#### GOAL OF THE EXERCISE:
Start at the line holding "戶戶前陽台,一家一樹植栽、高坪效格局,大器面寬。". Write out that line and each one after it to the end of the data, unchanged.

#### DATASET CONTENT:
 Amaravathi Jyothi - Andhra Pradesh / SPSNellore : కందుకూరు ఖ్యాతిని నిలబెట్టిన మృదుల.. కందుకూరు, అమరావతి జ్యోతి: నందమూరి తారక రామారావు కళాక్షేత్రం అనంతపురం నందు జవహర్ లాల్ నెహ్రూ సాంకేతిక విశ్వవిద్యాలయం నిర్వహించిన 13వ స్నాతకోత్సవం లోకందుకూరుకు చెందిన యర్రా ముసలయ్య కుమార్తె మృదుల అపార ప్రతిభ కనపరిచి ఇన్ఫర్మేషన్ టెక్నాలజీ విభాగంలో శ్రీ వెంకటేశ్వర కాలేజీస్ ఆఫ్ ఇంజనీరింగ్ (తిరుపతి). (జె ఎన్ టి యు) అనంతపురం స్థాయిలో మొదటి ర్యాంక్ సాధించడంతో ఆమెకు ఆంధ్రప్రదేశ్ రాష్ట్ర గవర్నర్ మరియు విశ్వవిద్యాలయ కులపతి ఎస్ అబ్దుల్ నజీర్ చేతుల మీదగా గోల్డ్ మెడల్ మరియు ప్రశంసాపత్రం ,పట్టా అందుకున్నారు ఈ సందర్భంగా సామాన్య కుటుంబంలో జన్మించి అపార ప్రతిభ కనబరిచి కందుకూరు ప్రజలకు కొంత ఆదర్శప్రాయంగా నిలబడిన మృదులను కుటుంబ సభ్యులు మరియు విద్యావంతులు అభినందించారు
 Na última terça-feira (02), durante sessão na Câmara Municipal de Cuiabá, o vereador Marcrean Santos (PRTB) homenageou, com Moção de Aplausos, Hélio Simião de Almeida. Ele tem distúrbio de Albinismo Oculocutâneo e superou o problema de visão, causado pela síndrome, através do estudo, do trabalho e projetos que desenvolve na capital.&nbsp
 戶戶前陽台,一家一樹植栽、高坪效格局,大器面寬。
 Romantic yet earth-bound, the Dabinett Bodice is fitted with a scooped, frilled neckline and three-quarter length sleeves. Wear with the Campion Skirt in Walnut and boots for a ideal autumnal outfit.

#### YOUR RESPONSE:
 戶戶前陽台,一家一樹植栽、高坪效格局,大器面寬。
 Romantic yet earth-bound, the Dabinett Bodice is fitted with a scooped, frilled neckline and three-quarter length sleeves. Wear with the Campion Skirt in Walnut and boots for a ideal autumnal outfit.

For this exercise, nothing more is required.